The Horse Statue at Republic Square in Belgrade, Serbia
  Quite literally at the heart of Belgrade stands the statue simply known as The Horse. It’s located on the central Trg Republike (Republic Square), but it’s also the prime reference point of the city. Before venturing into town, clubbers meet ‘at the horse,’ and every direction to any other sight-to-see starts with the horse. To get to Kalemegdan, walk from the horse to Knez Mihailova, and follow that street in the direction of the horse’s but. To get to theatre Atalje 212, follow the arm of the guy sitting on the horse.

But who is the guy sitting on the horse and where is he pointing at, other than theatre Atalje 212?


Horse Statue - Belgrade, Serbia
 Equestrian statues are common in our world. They usually depict military leaders who played crucial roles in the evolution of countries. Rearing horse statues are rare because balancing such a sculpture necessitates the horse to be almost vertical, and that will inadvertently push the rider into a pose that fails to convey an authoritative and astute composure. Subjects like to see their rulers to be in control of things. A horse that caries such a ruler has no business rearing. It should slowly but surely progress.

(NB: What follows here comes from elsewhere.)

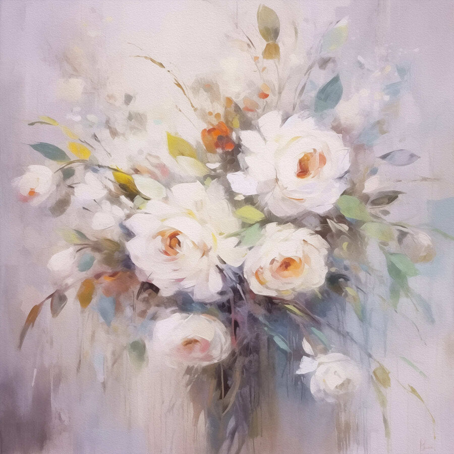 Dieser hübsche Leinwanddruck mit einem bezaubernden Strauß weißer Blumen verschönert jeden Raum. Die weichen Pinselstriche und sanften Farben schaffen eine verträumte Atmosphäre, die das ganze Jahr über Frühlingsgefühle aufkommen lässt. Stellen Sie sich vor, Sie betreten Ihren Raum, und diese Schönheit empfängt Sie mit ihrer frischen, heiteren Präsenz. Es ist, als hätte man einen kleinen Garten im Haus, ohne sich um das Gießen kümmern zu müssen! Sie eignet sich perfekt für gemütliche Ecken oder sogar als Blickfang über der Couch und lädt zu Gesprächen über die Natur, faule Nachmittage und die einfachen Freuden des Lebens ein. Und wer liebt nicht einen Hauch von Blumenzauber?
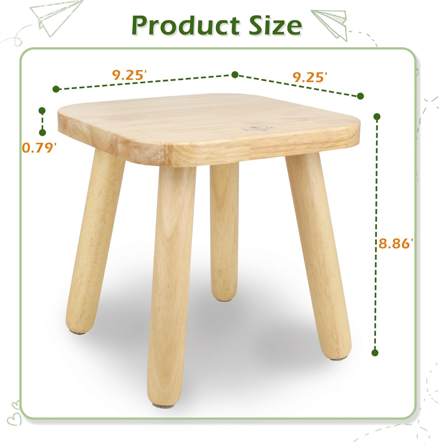 - NATURAL SOLID WOOD,SAFE DESIGN: Made of high quality natural rubber wood, healthy and environmental friendly. All the corners of the small stool are designed to be rounded to prevent bumping, smooth surface without abrasion, it ideal sitting stool choice for children and adults

Hence, horses are commonly shown to daftly step, in subject to their rider, who usually sits there pointing at something. His pointing shows the ruler’s determinative aim for some kind of objective, which is a future state much rather than a physical destination. The horseman of Belgrade does so too. But he did that at some point in the 19th century, when his nation still had a very long trot coming.


Prince Michael - Horse Statue
 Prince Michael (Mihailo Obrenovic) ruled Serbia as a vassal subjected to the Ottoman Sultan. He strengthened the nation by supporting Serbian literature, and in the early 1880’s he reorganized the Serbian army into becoming the strongest army in the Balkan. To give his creation a try he revolted against the Turks, who withdrew into Kalemegdan and started bombing the town from within. Prince Michael felt forced to call off his armed revolt but continued his resistance on the diplomatic front. In 1867 the Turks pulled out of Belgrade, and some years later they surrendered all control of Serbia. That ended their 400 years occupation.

It also ended the brutalities with which the Turks would keep the Serbs subdued. One way of executing insurrectionaries was impaling them in front of the Stambol Gate. When the Turks left, that gate was razed to the ground, leaving an open space in the city that would become Trg Republike. (An ‘inner’ Stambol gate can still be found at Kalemegdan). In 1882 the square was adorned with a monument to Prince Michael seated on a stallion. Perhaps he points at a liberated Serbia, perhaps he’s showing the Turks or any other invasion force the door, and perhaps he’s pointing merely to show that the going is compulsory; countries must evolve just like rivers must flow.


Horse Statue on Republic Square - Belgrade, Serbia
 Belgrade was bombed in 1914 by the Austro-Hungarians, by the Luftwaffe in 1941, by the Allies in 1944 and by the NATO in 1999.

Prince Michael never experienced the independence of Serbia. He was assassinated in 1868. But on Republic Square, Prince Michael will never stop pointing, and the Belgradians will never stop meeting.